Re: [PATCH v4] Also use l_tls_dtor_count to decide on object unload (BZ #18657)
- From: "Carlos O'Donell" <carlos at redhat dot com>
- To: Siddhesh Poyarekar <siddhesh at redhat dot com>, libc-alpha at sourceware dot org
- Cc: roland at hack dot frob dot com
- Date: Fri, 17 Jul 2015 09:32:45 -0400
- Subject: Re: [PATCH v4] Also use l_tls_dtor_count to decide on object unload (BZ #18657)
- Authentication-results: sourceware.org; auth=none
- References: <1436552195-16464-1-git-send-email-siddhesh at redhat dot com> <1436958625-25492-1-git-send-email-siddhesh at redhat dot com>
On 07/15/2015 07:10 AM, Siddhesh Poyarekar wrote:
> v4: Take the big lock for a longer duration during destructor
> registration.
>
> When an TLS destructor is registered, we set the DF_1_NODELETE flag to
> signal that the object should not be destroyed. We then clear the
> DF_1_NODELETE flag when all destructors are called, which is wrong -
> the flag could have been set by other means too.
Agreed.
Great work using l_tls_dtor_count to do reference counting atomically!
This looks like a permanent and long lasting solution to the problem.
It's exactly the kind of thing I like to see being used in the loader...
> This patch replaces this use of the flag by using l_tls_dtor_count
> directly to determine whether it is safe to unload the object. This
> change has the added advantage of eliminating the lock taking when
> calling the destructors, which could result in a deadlock. The patch
> also fixes the test case tst-tls-atexit - it was making an invalid
> dlclose call, which would just return an error silently.
>
> Change verified on x86_64; the test suite does not show any
> regressions due to the patch.
... However, you need more P&C comments. So a v5 will be required.
To start with:
diff --git a/include/link.h b/include/link.h
index 7ccd9c3..b39fa73 100644
--- a/include/link.h
+++ b/include/link.h
@@ -303,6 +303,7 @@ struct link_map
size_t l_tls_modid;
/* Number of thread_local objects constructed by this DSO. */
+ /* Concurrency: Protected by rtld_load_lock. */
size_t l_tls_dtor_count;
/* Information used to change permission after the relocations are
---
Is what I have on my P&C docs local branch. Please add a comment to
include/link.h to describe there at definition of struct link_map how
l_tls_dtor_count may be accessed. The above comment was something I was
going to push, but I'll have to update it to say "Accessed atomically."

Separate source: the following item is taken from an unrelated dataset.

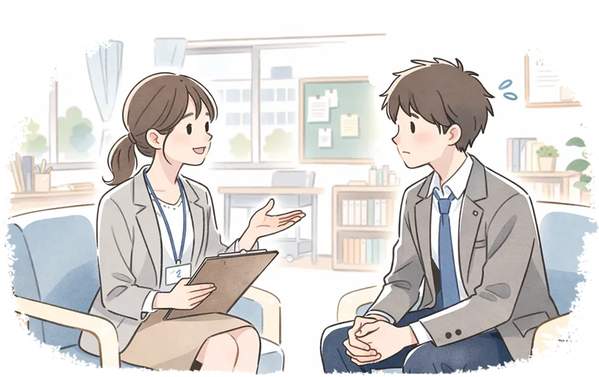 その結果、体がこわばる、声が出にくくなる、視線を避けてしまうなどの反応が起こります。この不安を避けるために、発表、雑談、食事の場面、電話応対などを避けるようになり、学校や職場での行動範囲が狭まってしまうことがあります。単なる性格の問題ではなく、生活に影響が出ている点が重要です。

now since the rtld_load_lock does not protect that member any longer.
> ChangeLog:
>
> [BZ #18657]
> * elf/dl-close.c (_dl_close_worker): Don't unload DSO if there
> are pending TLS destructor calls.
> * stdlib/cxa_thread_atexit_impl.c (__cxa_thread_atexit_impl):
> Don't touch the link map flag. Atomically increment
> l_tls_dtor_count.
> (__call_tls_dtors): Atomically decrement l_tls_dtor_count.
> Avoid taking the load lock and don't touch the link map flag.
> * stdlib/tst-tls-atexit.c (do_test): dlopen
> tst-tls-atexit-lib.so again before dlclose.
> * stdlib/tst-tls-atexit-nodelete.c: New test case.
> * stdlib/Makefile (tests): Use it.
> ---
> elf/dl-close.c | 7 ++-
> stdlib/Makefile | 5 +-
> stdlib/cxa_thread_atexit_impl.c | 27 +++-------
> stdlib/tst-tls-atexit-nodelete.c | 104 +++++++++++++++++++++++++++++++++++++++
> stdlib/tst-tls-atexit.c | 14 ++++--
> 5 files changed, 133 insertions(+), 24 deletions(-)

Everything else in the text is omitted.